[PROBLEM TO WORK ON]
The whole listing that follows is to be restated word for word, images excluded.

[DATA SHOWN]
= Beginning of Section =

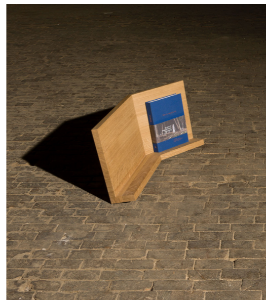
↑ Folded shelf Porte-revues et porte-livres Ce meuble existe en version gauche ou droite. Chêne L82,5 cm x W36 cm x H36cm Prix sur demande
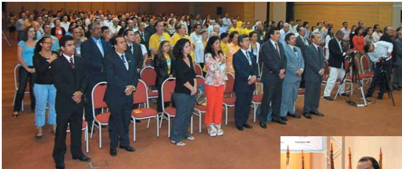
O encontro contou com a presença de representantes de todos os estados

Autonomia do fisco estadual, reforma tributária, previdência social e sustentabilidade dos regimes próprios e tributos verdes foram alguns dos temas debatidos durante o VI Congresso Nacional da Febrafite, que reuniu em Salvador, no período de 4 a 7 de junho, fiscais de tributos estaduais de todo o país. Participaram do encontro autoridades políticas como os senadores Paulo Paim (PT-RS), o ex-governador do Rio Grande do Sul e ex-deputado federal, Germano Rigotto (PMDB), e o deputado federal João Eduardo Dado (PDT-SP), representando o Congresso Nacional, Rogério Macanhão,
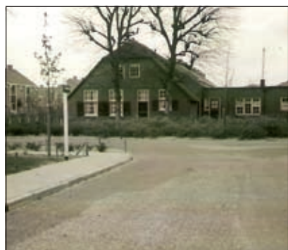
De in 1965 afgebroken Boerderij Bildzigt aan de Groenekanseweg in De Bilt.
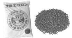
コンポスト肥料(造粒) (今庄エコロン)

= End of Section =

[YOUR SOLUTION]
↑ Folded shelf Porte-revues et porte-livres Ce meuble existe en version gauche ou droite. Chêne L82,5 cm x W36 cm x H36cm Prix sur demande
O encontro contou com a presença de representantes de todos os estados

Autonomia do fisco estadual, reforma tributária, previdência social e sustentabilidade dos regimes próprios e tributos verdes foram alguns dos temas debatidos durante o VI Congresso Nacional da Febrafite, que reuniu em Salvador, no período de 4 a 7 de junho, fiscais de tributos estaduais de todo o país. Participaram do encontro autoridades políticas como os senadores Paulo Paim (PT-RS), o ex-governador do Rio Grande do Sul e ex-deputado federal, Germano Rigotto (PMDB), e o deputado federal João Eduardo Dado (PDT-SP), representando o Congresso Nacional, Rogério Macanhão,
De in 1965 afgebroken Boerderij Bildzigt aan de Groenekanseweg in De Bilt.
コンポスト肥料(造粒) (今庄エコロン)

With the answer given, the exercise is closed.